> Dataset extract
/---

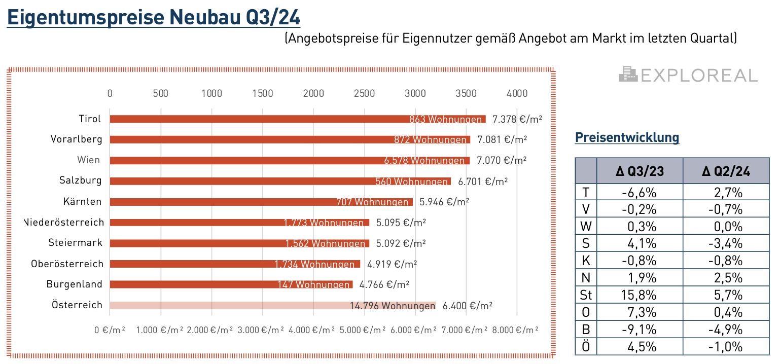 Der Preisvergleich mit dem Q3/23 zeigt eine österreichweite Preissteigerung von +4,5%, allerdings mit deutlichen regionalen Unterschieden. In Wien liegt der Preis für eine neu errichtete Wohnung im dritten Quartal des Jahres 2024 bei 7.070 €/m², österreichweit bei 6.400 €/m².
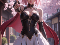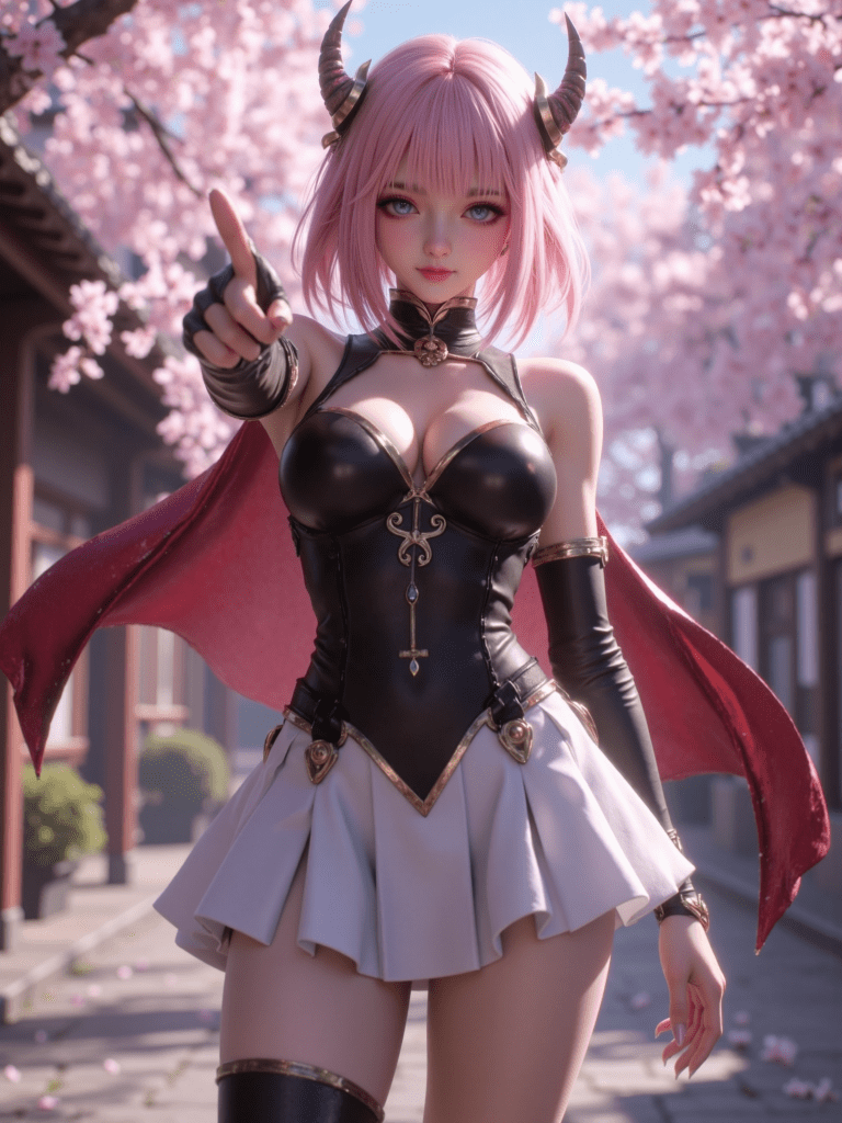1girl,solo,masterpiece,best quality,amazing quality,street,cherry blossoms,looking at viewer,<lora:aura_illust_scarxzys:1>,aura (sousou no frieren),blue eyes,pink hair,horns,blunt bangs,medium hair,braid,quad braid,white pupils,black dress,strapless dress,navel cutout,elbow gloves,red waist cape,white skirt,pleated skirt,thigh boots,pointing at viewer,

\---
/---

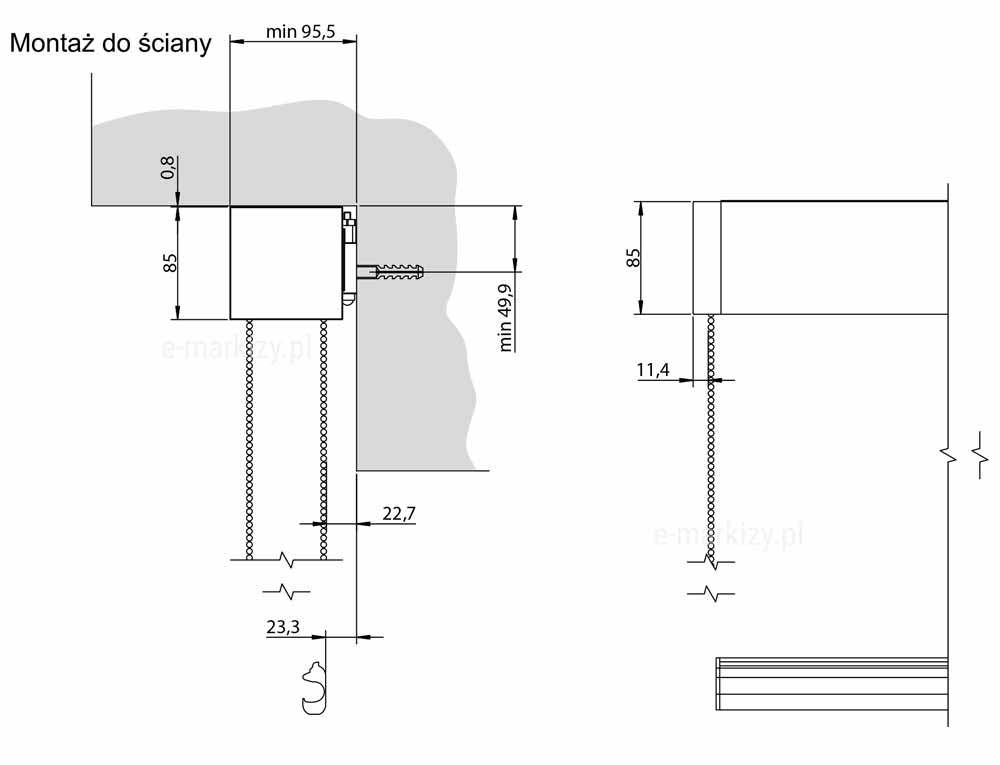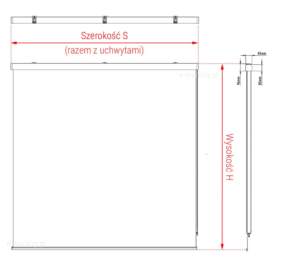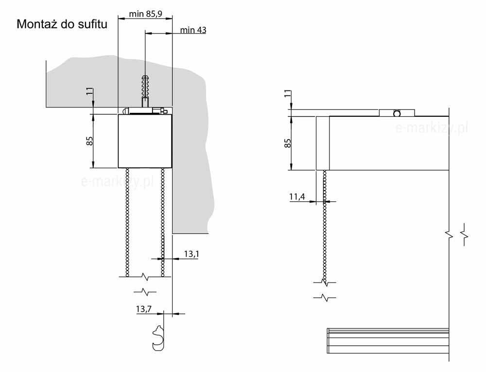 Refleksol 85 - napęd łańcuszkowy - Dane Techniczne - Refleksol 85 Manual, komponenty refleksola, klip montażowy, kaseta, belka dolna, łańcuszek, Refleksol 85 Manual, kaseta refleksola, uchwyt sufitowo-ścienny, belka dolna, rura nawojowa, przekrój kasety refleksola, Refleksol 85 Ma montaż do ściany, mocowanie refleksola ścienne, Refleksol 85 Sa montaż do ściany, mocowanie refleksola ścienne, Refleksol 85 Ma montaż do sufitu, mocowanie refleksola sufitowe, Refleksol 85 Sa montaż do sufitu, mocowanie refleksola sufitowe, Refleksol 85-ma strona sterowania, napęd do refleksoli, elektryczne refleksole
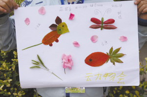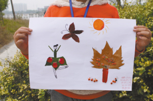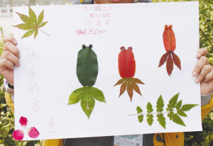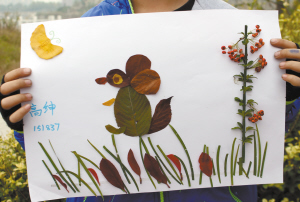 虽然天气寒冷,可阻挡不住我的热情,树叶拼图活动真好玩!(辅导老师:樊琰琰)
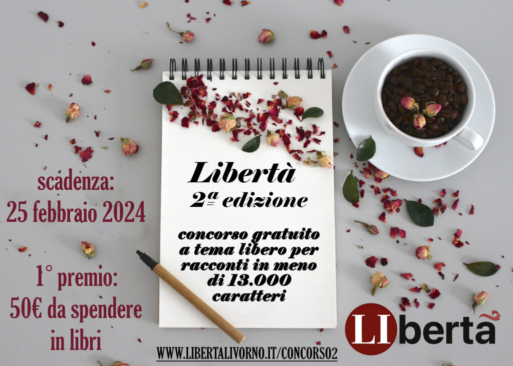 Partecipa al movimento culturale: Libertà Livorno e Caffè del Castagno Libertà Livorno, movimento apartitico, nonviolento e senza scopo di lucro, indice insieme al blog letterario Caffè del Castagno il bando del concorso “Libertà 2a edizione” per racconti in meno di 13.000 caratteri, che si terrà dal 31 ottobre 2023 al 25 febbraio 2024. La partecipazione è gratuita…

\---
/---

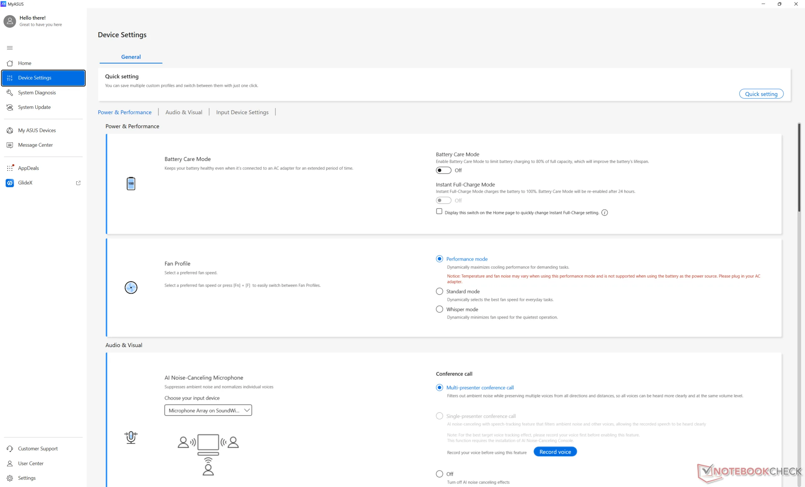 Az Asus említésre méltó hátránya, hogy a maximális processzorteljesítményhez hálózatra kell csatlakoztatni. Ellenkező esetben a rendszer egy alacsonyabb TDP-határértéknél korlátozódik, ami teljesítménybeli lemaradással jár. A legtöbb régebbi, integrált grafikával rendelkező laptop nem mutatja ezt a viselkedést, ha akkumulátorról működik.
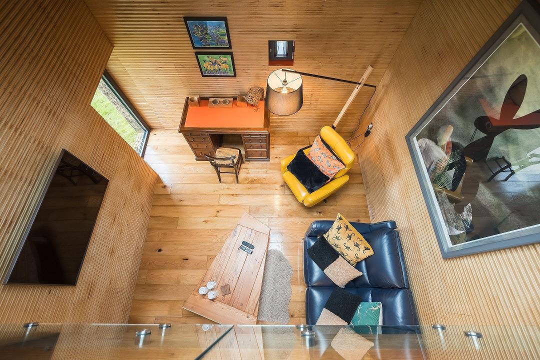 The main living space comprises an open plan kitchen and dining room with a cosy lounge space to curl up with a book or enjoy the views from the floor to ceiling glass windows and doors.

\---

Above are entries with pictures among them. Write out exactly the lines from the one containing "Der Preisvergleich mit" through the one containing "quality,amazing quality,street,cherry blossoms,looking", ends included, and leave those pictures out.

> Answer to the exercise
 Der Preisvergleich mit dem Q3/23 zeigt eine österreichweite Preissteigerung von +4,5%, allerdings mit deutlichen regionalen Unterschieden. In Wien liegt der Preis für eine neu errichtete Wohnung im dritten Quartal des Jahres 2024 bei 7.070 €/m², österreichweit bei 6.400 €/m².
1girl,solo,masterpiece,best quality,amazing quality,street,cherry blossoms,looking at viewer,<lora:aura_illust_scarxzys:1>,aura (sousou no frieren),blue eyes,pink hair,horns,blunt bangs,medium hair,braid,quad braid,white pupils,black dress,strapless dress,navel cutout,elbow gloves,red waist cape,white skirt,pleated skirt,thigh boots,pointing at viewer,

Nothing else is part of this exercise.